Supplied records:
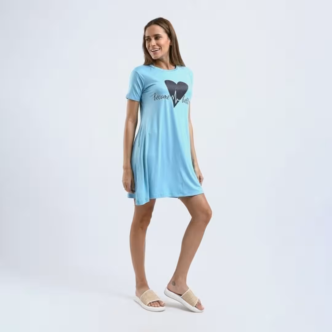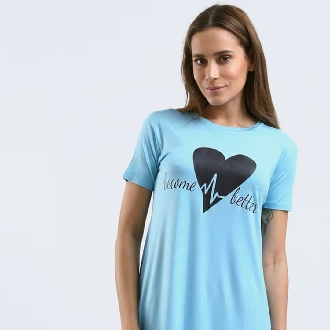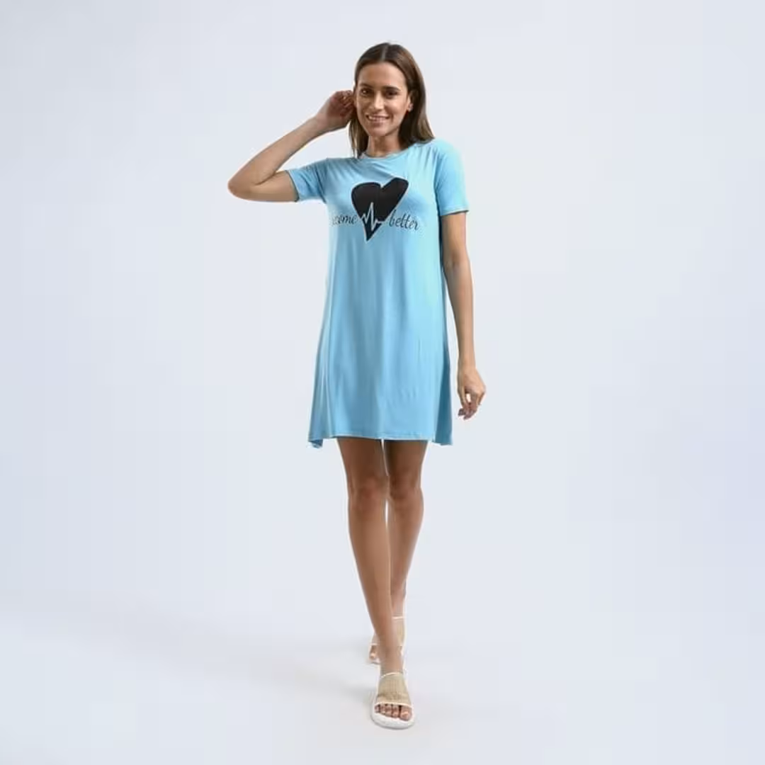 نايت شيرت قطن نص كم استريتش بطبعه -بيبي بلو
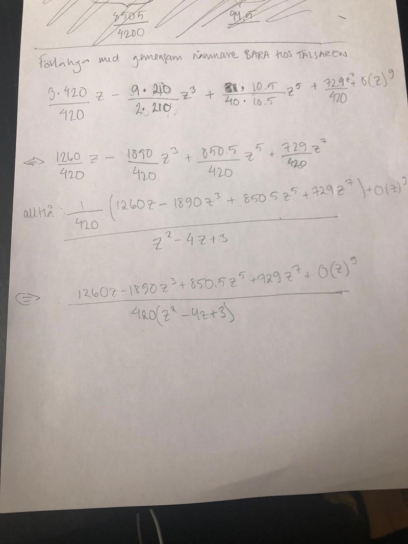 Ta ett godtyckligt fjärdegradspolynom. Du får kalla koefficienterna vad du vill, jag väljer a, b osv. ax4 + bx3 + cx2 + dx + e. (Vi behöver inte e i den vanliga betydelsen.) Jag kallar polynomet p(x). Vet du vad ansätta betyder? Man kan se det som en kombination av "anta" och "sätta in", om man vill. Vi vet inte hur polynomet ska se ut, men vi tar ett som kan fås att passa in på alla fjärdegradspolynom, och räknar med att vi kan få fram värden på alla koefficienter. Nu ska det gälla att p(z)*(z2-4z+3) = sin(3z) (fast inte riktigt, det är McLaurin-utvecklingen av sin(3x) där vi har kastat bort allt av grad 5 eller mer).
* * *
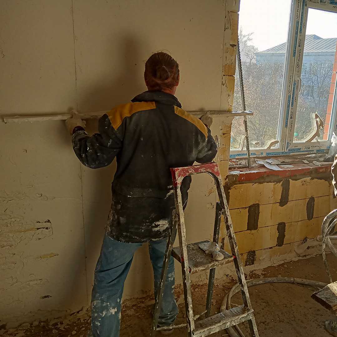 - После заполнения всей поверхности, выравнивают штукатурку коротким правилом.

Exercise directions:
Among the entries above, take the lines from the one with "نايت شيرت قطن نص كم استريتش بطبعه -بيبي بلو" through the one with "Ta ett godtyckligt" and retype them exactly, leaving out the pictures.

Answer:
 نايت شيرت قطن نص كم استريتش بطبعه -بيبي بلو
 Ta ett godtyckligt fjärdegradspolynom. Du får kalla koefficienterna vad du vill, jag väljer a, b osv. ax4 + bx3 + cx2 + dx + e. (Vi behöver inte e i den vanliga betydelsen.) Jag kallar polynomet p(x). Vet du vad ansätta betyder? Man kan se det som en kombination av "anta" och "sätta in", om man vill. Vi vet inte hur polynomet ska se ut, men vi tar ett som kan fås att passa in på alla fjärdegradspolynom, och räknar med att vi kan få fram värden på alla koefficienter. Nu ska det gälla att p(z)*(z2-4z+3) = sin(3z) (fast inte riktigt, det är McLaurin-utvecklingen av sin(3x) där vi har kastat bort allt av grad 5 eller mer).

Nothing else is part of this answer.